*** Entries supplied ***

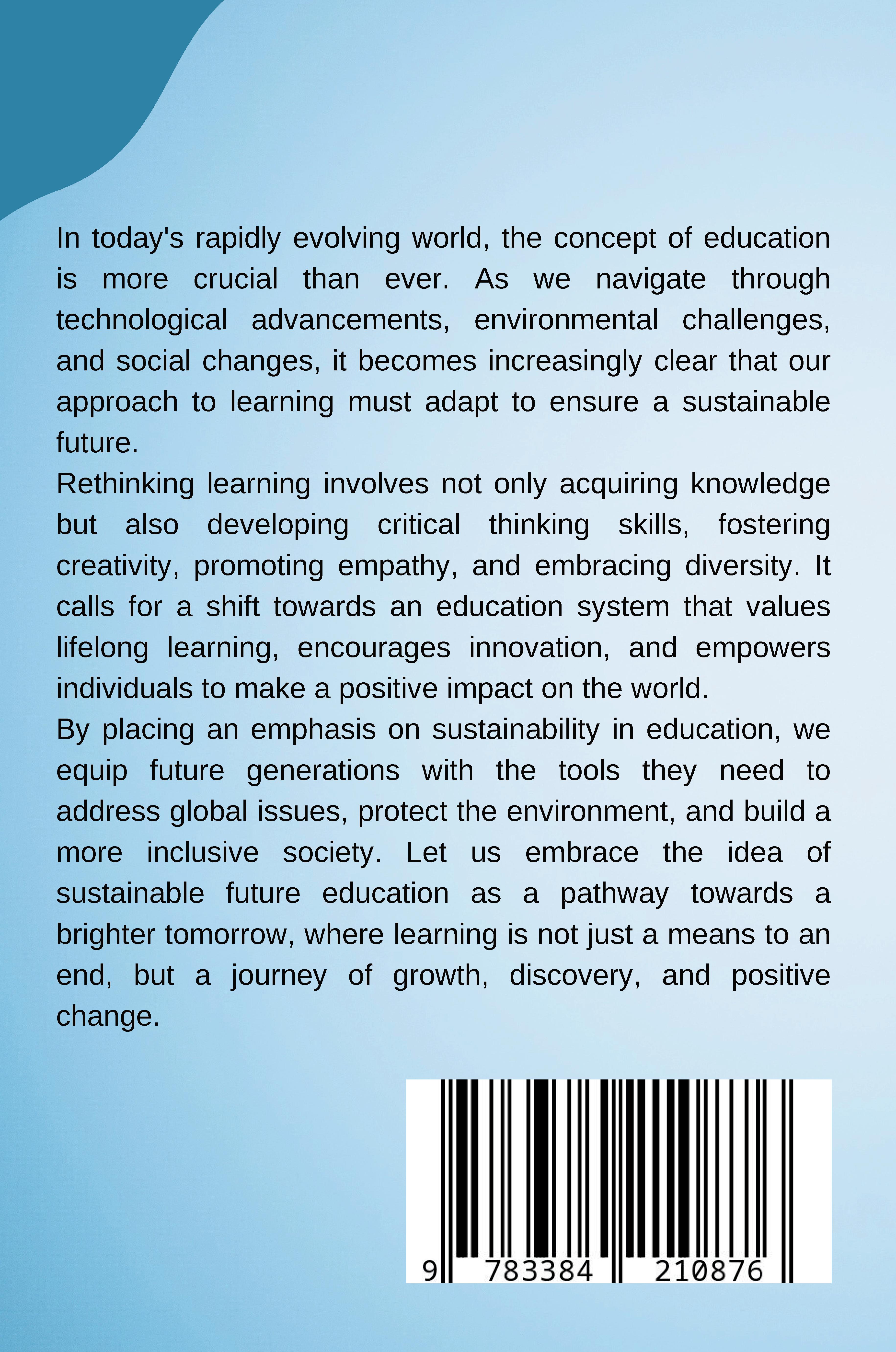 "Rethink Learning: Sustainable Future Education" is a groundbreaking exploration by renowned educator Prof. James Pat, offering a compelling vision for transforming education towards sustainability. Drawing from decades of experience and research, Prof. Pat presents actionable strategies and insights to reimagine learning in the context of environmental and societal challenges. This vital work underscores the urgent need to integrate sustainability into education systems worldwide, empowering educators, policymakers, and stakeholders to shape a more equitable and eco-conscious future. Through practical examples and innovative approaches, Prof. Pat advocates for curriculum reform, emphasizing global citizenship, environmental stewardship, and community engagement. The book delves into topics such as eco-friendly school practices, curriculum design for sustainability, and the role of technology in fostering meaningful learning experiences. Prof. Pat's vision inspires readers to rethink traditional educational paradigms and embrace a holistic approach that prepares learners to navigate complex global issues. "Rethink Learning: Sustainable Future Education" is an essential resource for educators, school administrators, policymakers, and anyone passionate about creating a more sustainable and equitable world through transformative education.
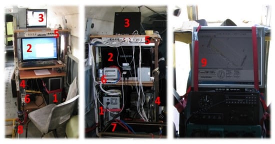 Control table with module control system component inside Mi-8 helicopter: (1) personal computer (PC) for manipulation with Nikon D90 and Photon 320; (2) monitor for PC and industrial controller (switching is performed as needed during recording); (3) laptop for manipulation with inertial measurement unit (IMU); (4) industrial controller for manipulation with MS4100 and ImSpector + PixelFly (not part of the first system configuration, built in 2009); (5) junction box of the electric power system; (6) converter from 28–30 V direct current (DC) to 220 V alternating current (AC) for PC and monitor; (7) large battery (210 Ah, 75 kg) for power supply; (8) cables for connection with sensor; (9) navigation monitor located in the cockpit.
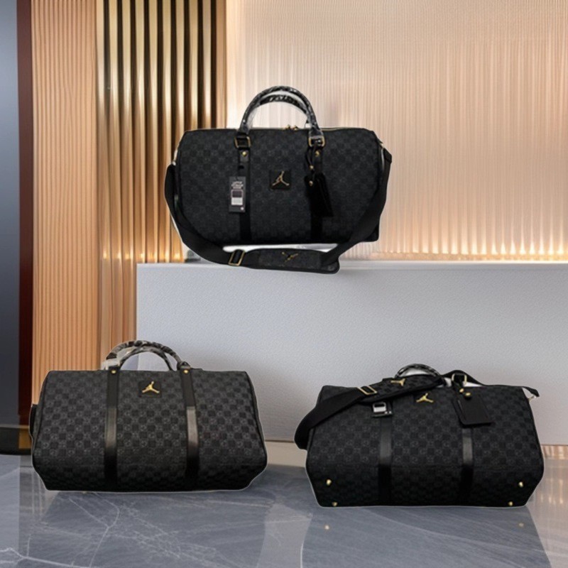 AJ 플라이맨 로고 블랙 골드 체크무늬 커플 여행 가방 농구 가방 숄더백 겸용 남녀 헬스 가방
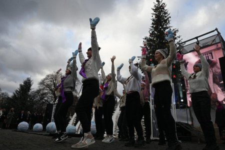Урочистому запалюванню новорічних вогнів передувало театралізоване дійство, влаштоване акторами Закарпатського академічного обласного театру ляльок та вихованцями Ужгородського інституту культури і мистецтв, зі Святим Миколаєм, янголами та іншими персонажами.
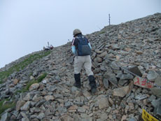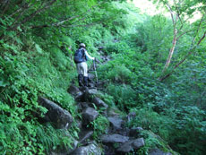 | 白馬大池までは大きな石の上を行きます。 | カラマツソウがたくさん咲いていました。 | 遭難者を捜索中の長野県警のヘリが、 白馬大池周辺を何度も旋回していました。 |
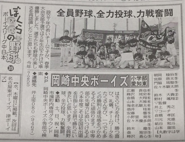岡崎中央ボーイズのチーム紹介が掲載されました。
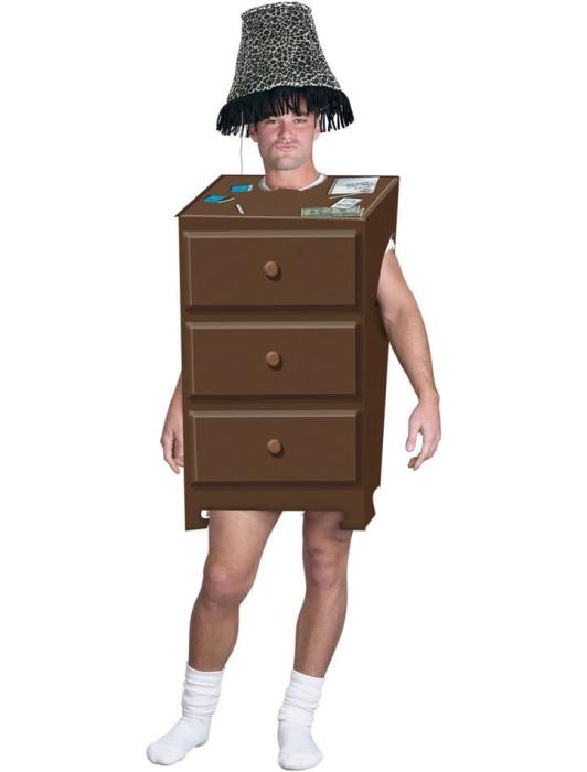 Костюм ночника включает тунику в виде комода с прикреплёнными сверху обертками, деньгами, пачкой сигарет, запиской с номером телефона и шляпу в форме абажура.
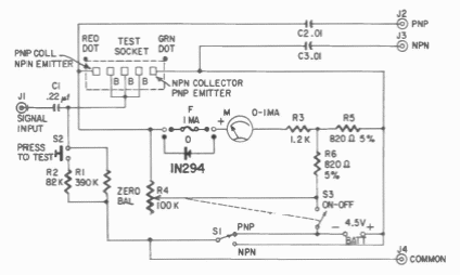 Este provador de transistores foi encontrado numa publicação de Gernsback de 1960. O circuito pode ser usado com transistores atuais.
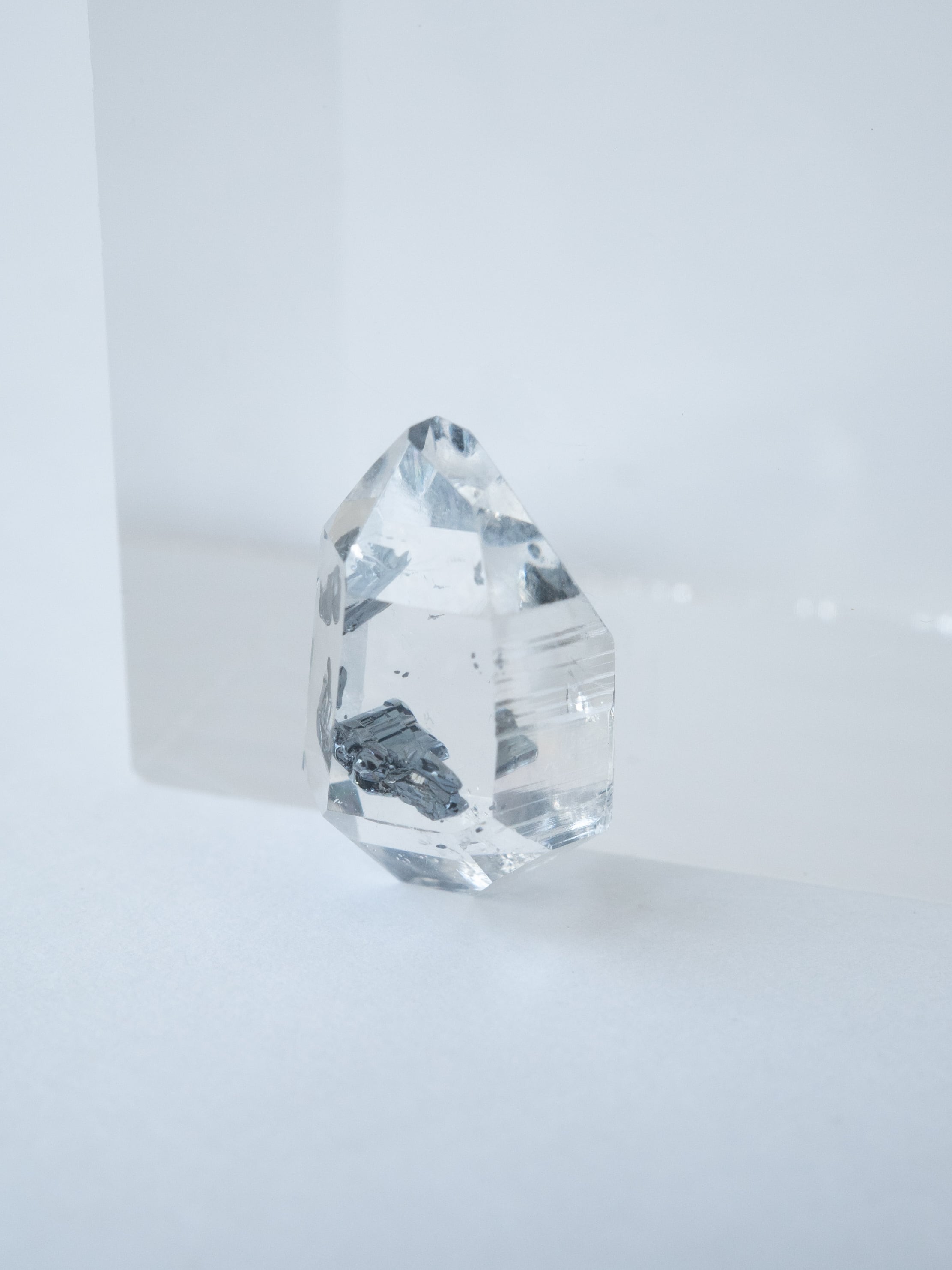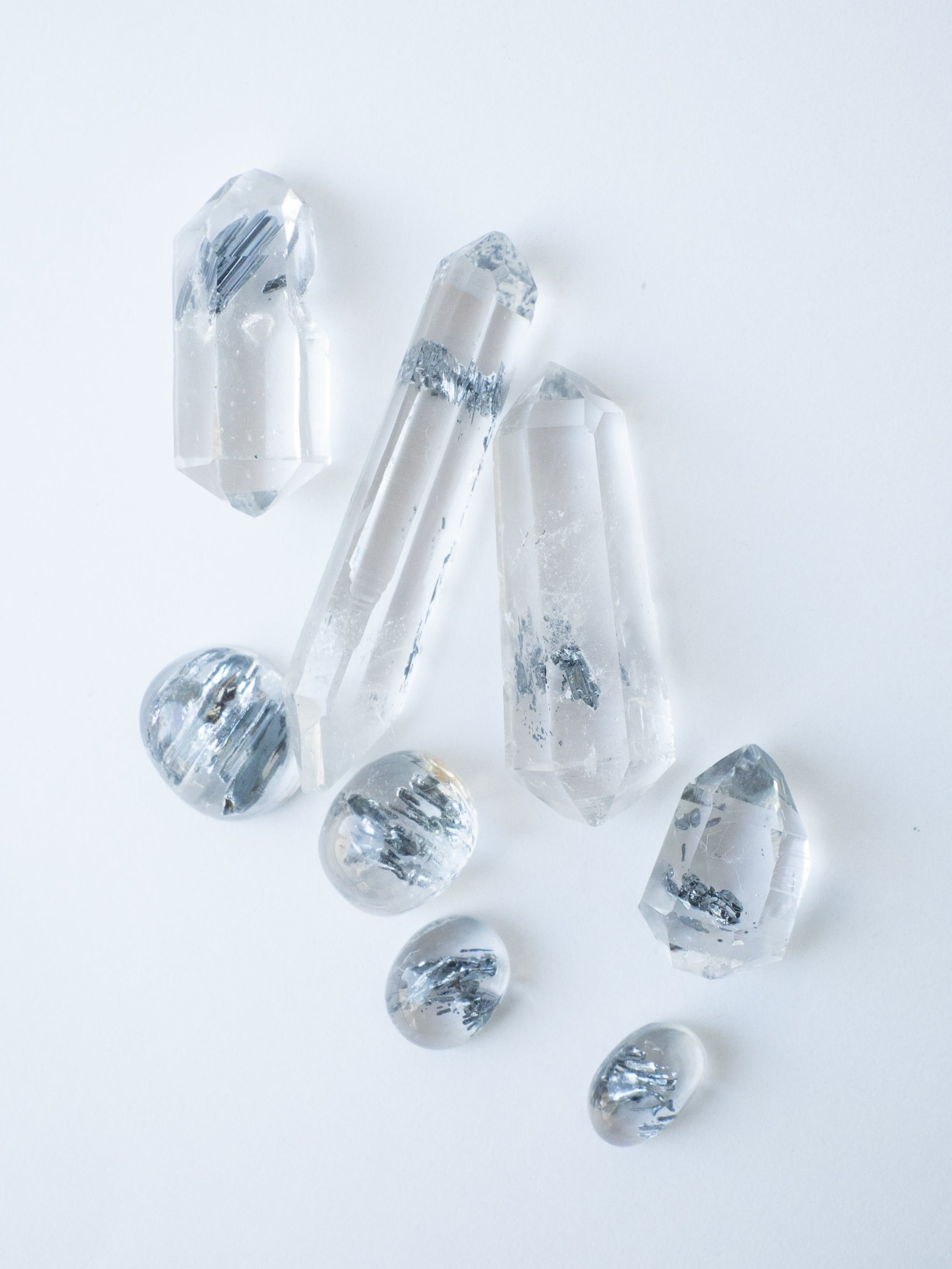 スティブナイトインクォーツ(Stibnite in Quartz)は、石英の中に針状や柱状のスティブナイト(輝安鉱)結晶が含まれるクォーツです。黒銀色の光沢と、剣のような結晶の形状が特徴的で、産出地域が限られるため、流通量も非常に少ない天然石です。

***

What you should do: Every line above between the one containing "Control table with" and the one containing "遭難者を捜索中の長野県警のヘリが、 白馬大池周辺を何度も旋回していました。 |", those two included, is to be printed exactly. No pictures go into the copy.

Response below:
 Control table with module control system component inside Mi-8 helicopter: (1) personal computer (PC) for manipulation with Nikon D90 and Photon 320; (2) monitor for PC and industrial controller (switching is performed as needed during recording); (3) laptop for manipulation with inertial measurement unit (IMU); (4) industrial controller for manipulation with MS4100 and ImSpector + PixelFly (not part of the first system configuration, built in 2009); (5) junction box of the electric power system; (6) converter from 28–30 V direct current (DC) to 220 V alternating current (AC) for PC and monitor; (7) large battery (210 Ah, 75 kg) for power supply; (8) cables for connection with sensor; (9) navigation monitor located in the cockpit.
 AJ 플라이맨 로고 블랙 골드 체크무늬 커플 여행 가방 농구 가방 숄더백 겸용 남녀 헬스 가방
Урочистому запалюванню новорічних вогнів передувало театралізоване дійство, влаштоване акторами Закарпатського академічного обласного театру ляльок та вихованцями Ужгородського інституту культури і мистецтв, зі Святим Миколаєм, янголами та іншими персонажами.
 | 白馬大池までは大きな石の上を行きます。 | カラマツソウがたくさん咲いていました。 | 遭難者を捜索中の長野県警のヘリが、 白馬大池周辺を何度も旋回していました。 |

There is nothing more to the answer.